In most SIPGS patients the inflammatory markers decreased slowly and none of the SIPGS patients was free of symptoms at discharge from hospital, which was observed in all LIG patients. This fact points out that SIPGS is a severe syndrome requiring ongoing intense treatment.
In order to identify our newly defined SIPGS patients better, we included an age-and gender matched LIG group. These patients have also been severely ill as they had been admitted to inpatient care unit. In LIG patients the visual analogue scale for pain, fatigue and general health was significantly (p<0.05) lower, which can be easily explained by the lower degree of inflammation. Interestingly the mean hemoglobin and number of thrombocytes differed as well and reached significance (p<0.05), which certainly underlines that the SIPGS patients had suffered for a longer time from inflammatory gout, as increase of thrombocytes count and development of anemia are known laboratory signs of inflammation. The inflammatory markers CRP and ESR differed significantly, as well as the mean number of joints involved, which is of course partly explained by the applied inclusion criteria. No LIG patient suffered from fever, in only 1 patient acute-on-chronic renal failure was observed. The only joint being affected bilaterally in 11 LIG patients was the MTP I joint, while all SIPGS patients had a bilateral joint involvement. The MTP 1, ankle and knee joints were the most commonly bilaterally affected joints.

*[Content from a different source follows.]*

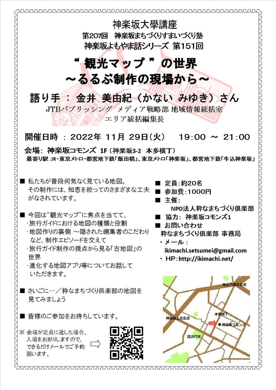 | 地點 | 神楽坂コモンズ 1F (神楽坂3-2 本多横丁) 最寄り駅:JR・東京メトロ・都営地下鉄「飯田橋」、東京メトロ「神楽坂」、都営地下鉄「牛込神楽坂」 |

In LIG NSAIDs were discontinued only in 6 patients, while this was the case in every SIPGS patient, displaying that inflammatory activity in SIGPS was so high, that NSAIDs were ineffective or contraindicated. The above mentioned facts surely help in differentiation between these two forms of gout.

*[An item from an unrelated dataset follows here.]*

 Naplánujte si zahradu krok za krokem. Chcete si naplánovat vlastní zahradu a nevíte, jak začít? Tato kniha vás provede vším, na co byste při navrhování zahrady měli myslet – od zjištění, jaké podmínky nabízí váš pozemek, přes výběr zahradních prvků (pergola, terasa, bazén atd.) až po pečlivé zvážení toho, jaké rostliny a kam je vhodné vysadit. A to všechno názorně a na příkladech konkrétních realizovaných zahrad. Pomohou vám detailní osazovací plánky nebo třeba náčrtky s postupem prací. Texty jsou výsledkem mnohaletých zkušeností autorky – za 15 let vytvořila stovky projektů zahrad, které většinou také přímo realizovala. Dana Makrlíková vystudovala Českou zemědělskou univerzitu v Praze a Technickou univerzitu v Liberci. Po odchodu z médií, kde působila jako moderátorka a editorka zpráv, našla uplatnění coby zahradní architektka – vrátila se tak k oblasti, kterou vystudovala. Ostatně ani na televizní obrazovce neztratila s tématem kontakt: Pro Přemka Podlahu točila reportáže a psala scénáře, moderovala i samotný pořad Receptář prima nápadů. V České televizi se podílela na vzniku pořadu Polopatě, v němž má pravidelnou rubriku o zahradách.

Limitations of this study include its retrospective, monocentric design. Further studies are needed in order to better describe the clinical features and treatment outcomes of SIPGS in a larger number of patients.
CONCLUSION
We conclude that patients with SIPGS suffer years before gout symptoms, are severely affected and rarely exhibit fever. Anemia is commonly observed, while leukocytosis and thrombocytosis are rare. Procalcitonin was in our cohort normal, and may help to differentiate this syndrome from sepsis, especially in the case of coexistent fever. Acute renal failure occurs in more than 1/3 of patients. If renal failure does not occur on the basis of chronic renal insuffiency, renal function returns to normal with treatment. NSAID are either contraindicated or ineffective and have to be combined with or replaced by colchicine and GC. In severe cases with inadequate response to standard treatment regimens or refractory inflammatory activity, patients may be treated with IL-1β antagonists. Although inflammatory response can be controlled by conventional therapy in most cases, complete remission is rarely achieved during the rather long inpatient treatment course.